Here is an old mini lathe model 1679 that I purchased 28 years ago. In my ownership of this lathe I made a ton of parts, lawnmower parts, truck parts, mill parts, gun stuff, etc.

One problem I found with this machine was in single point threading. The machine RPMS are just too fast and I can't control the stop points when generating threads. Here was my solution. I made this almost out of the gate, and it fixed it up nicely!

I found an old tire off of a small tractor in the shed. This will be used as a manual chuck drive. I added a shaft that slides into the spindle bore and placed it into that old tire. I put a roll pin thru the shaft as a drive key. I cut a slot on the outside of the spindle bore shaft. When this is all assembled I can simply rotate the chuck to form my threads without the fear of not stopping where I what it to stop, thus avoiding damaging my threading operation and ruining my job.

The pictures will help you understand what I'm trying to describe.





















The other modification was I added a quick change tool post. This can be seen in the last picture. I needed to mill the cross slide down .300 so the center height of about .552 would be maintained. That was an easy modification to do. Then I bored a hole underneath so I could bolt the new quick change tool holder in place. I used a long Allen bolt and I pinned the head from underneath to keep it from turning.
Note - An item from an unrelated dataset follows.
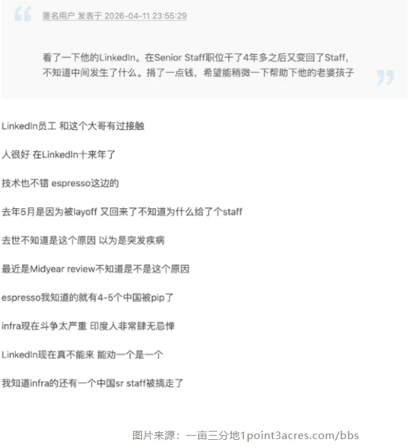 在团队内部情况方面,也有一些说法开始流传:有匿名用户称,相关基础设施团队(infra)近年来竞争激烈,内部压力较大;还有人提到,在某些项目中,绩效考核(PIP)情况并不少见,甚至有多名员工受到影响。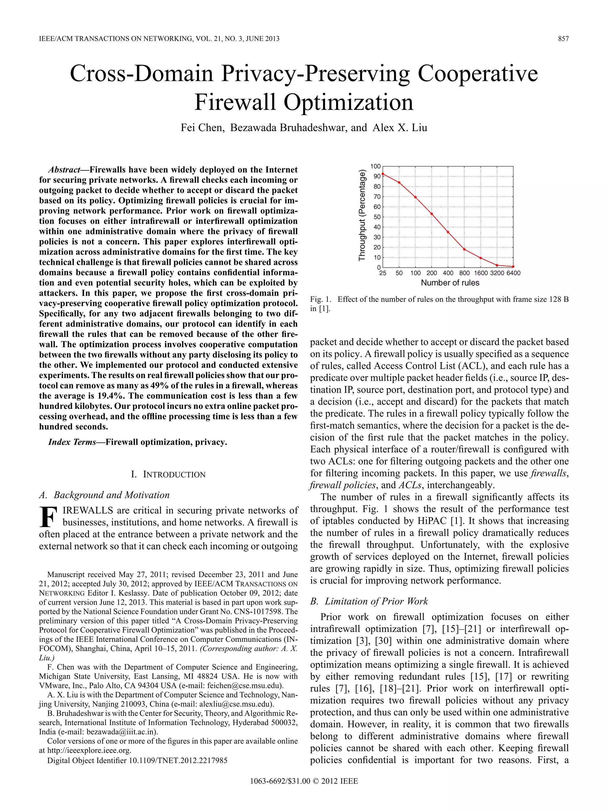 - Prior work on firewall optimization focused only on intra-domain optimization where firewall policies could be shared. This presents the first approach for inter-domain optimization without disclosing private firewall policies.

So when I tighten the bolt it stays tight ( from underneath).
I then milled the extra bit away from the bolt head so the table could be reassembled.

Well, I hope I gave ideas to someone who is just starting out by seeing modifications from other peoples machines!


----------



## Dracen knights (Apr 20, 2015)

Now thats an idea I had not though of... This will be added to my  future tool build....


----------



## DaveInPA (Apr 20, 2015)

That's a really clever idea for a manual spindle crank.


----------